[TASK PROMPT] From the first line to the last, give the material again exactly, without the images.

[PROVIDED MATERIAL]
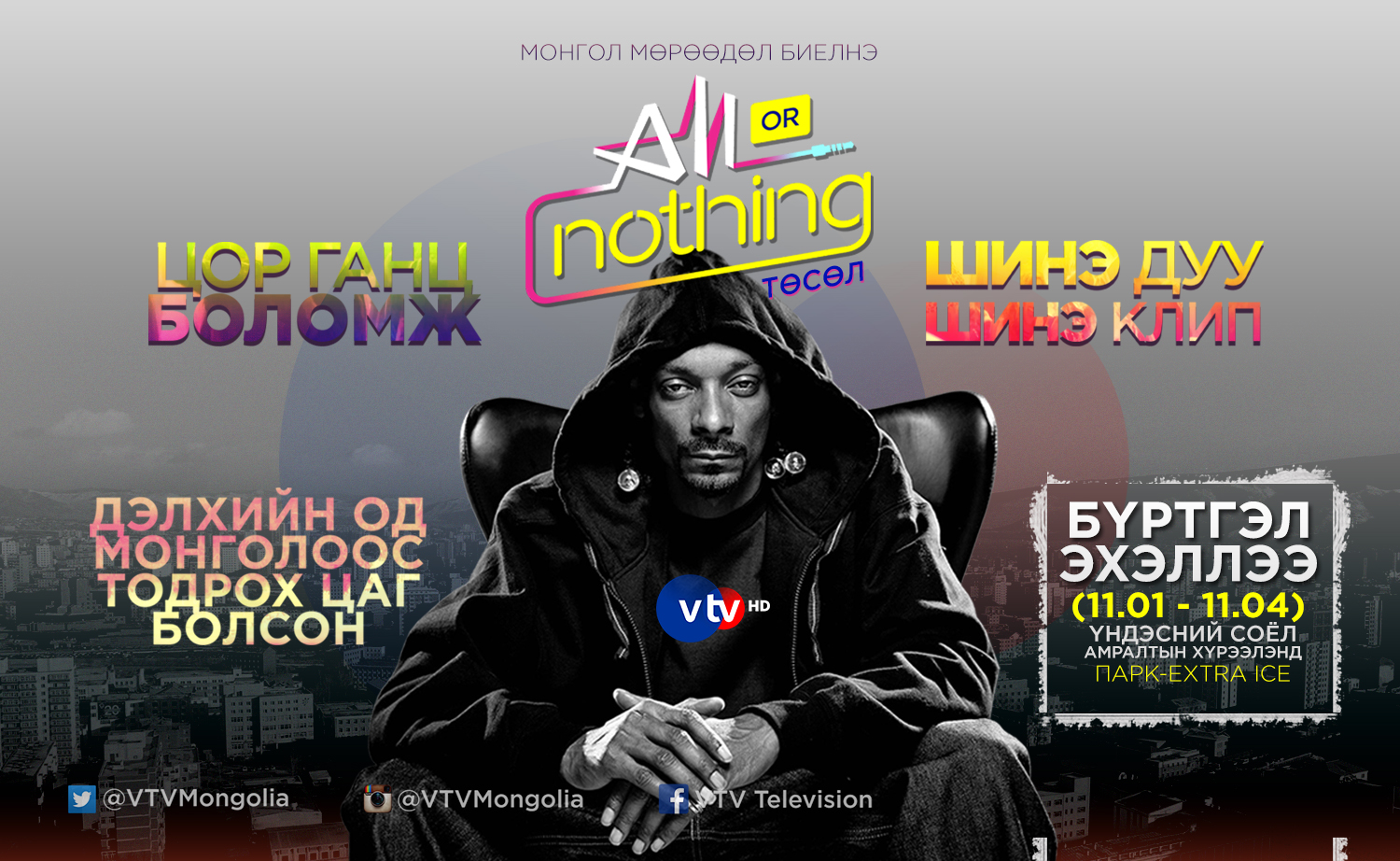 Манай шоу төслийн гол баатар бол дэлхий даяар хамгийн олон сонсогчтой алдарт реппер SNOOP DOGG юм. Snoop Dogg болон, түүний ажлын хамтрагч DCAT Cornelius нар нь Бразил, Мексик, Пуэрто Рико, Франц зэрэг дэлхийн олон орны залуу ододтой хамтран дуулж байжээ. Үүний дотор манай хойд хөрш ОХУ-н реппер Timati, Солонгосын дуучин PSY нартай дуулж видео клипээ хийлгэж байсан билээ. Тэгвэл өнөөдөр Монголчуудын ээлж. Алдарт SNOOP DOGG той хамтдаа “ ALL or NOTHING” төсөлд оролцон, түүнтэй хамтран дуулж, видео клипээ хийлгэх цорын ганц, шилдгийн шилдэг Монгол авъяастныг бид хайж байна. VTV HD телевиз болон АНУ- н продюссер DCAT нар хамтран тодруулах уралдаант ТВ төсөл шоу нэвтрүүлэг эхлэхэд бэлэн боллоо.
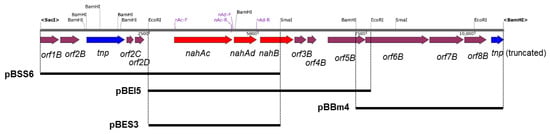 Genetic organization of the nah gene cluster of strain JF8. Red, blue, and magenta pentagons indicate naphthalene-degradative genes, transposase gene, and genes for hypothetical proteins. Restriction enzyme site and positions for primers are shown. The solid black bars under the map indicate DNA regions cloned into each plasmid.
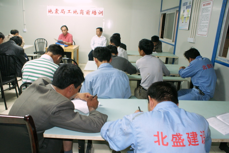 2011年5月11日晚上18:00~20:00我公司在地震局項目部工地農(nóng)民工業(yè)余學校舉辦外來務(wù)工人員崗前安全技術(shù)培訓。長風街道安全工作委員會和公司工會主席、質(zhì)量安全部有關(guān)同志在地震局項目部的有力配合下舉辦了農(nóng)民工培訓,大家認真聽取專業(yè)老師的安全技術(shù)講課,井然有序的課堂紀律給大家留下深刻印象。培訓結(jié)束后還將參加答卷考試。

[TASK RESPONSE]
 Манай шоу төслийн гол баатар бол дэлхий даяар хамгийн олон сонсогчтой алдарт реппер SNOOP DOGG юм. Snoop Dogg болон, түүний ажлын хамтрагч DCAT Cornelius нар нь Бразил, Мексик, Пуэрто Рико, Франц зэрэг дэлхийн олон орны залуу ододтой хамтран дуулж байжээ. Үүний дотор манай хойд хөрш ОХУ-н реппер Timati, Солонгосын дуучин PSY нартай дуулж видео клипээ хийлгэж байсан билээ. Тэгвэл өнөөдөр Монголчуудын ээлж. Алдарт SNOOP DOGG той хамтдаа “ ALL or NOTHING” төсөлд оролцон, түүнтэй хамтран дуулж, видео клипээ хийлгэх цорын ганц, шилдгийн шилдэг Монгол авъяастныг бид хайж байна. VTV HD телевиз болон АНУ- н продюссер DCAT нар хамтран тодруулах уралдаант ТВ төсөл шоу нэвтрүүлэг эхлэхэд бэлэн боллоо.
 Genetic organization of the nah gene cluster of strain JF8. Red, blue, and magenta pentagons indicate naphthalene-degradative genes, transposase gene, and genes for hypothetical proteins. Restriction enzyme site and positions for primers are shown. The solid black bars under the map indicate DNA regions cloned into each plasmid.
 2011年5月11日晚上18:00~20:00我公司在地震局項目部工地農(nóng)民工業(yè)余學校舉辦外來務(wù)工人員崗前安全技術(shù)培訓。長風街道安全工作委員會和公司工會主席、質(zhì)量安全部有關(guān)同志在地震局項目部的有力配合下舉辦了農(nóng)民工培訓,大家認真聽取專業(yè)老師的安全技術(shù)講課,井然有序的課堂紀律給大家留下深刻印象。培訓結(jié)束后還將參加答卷考試。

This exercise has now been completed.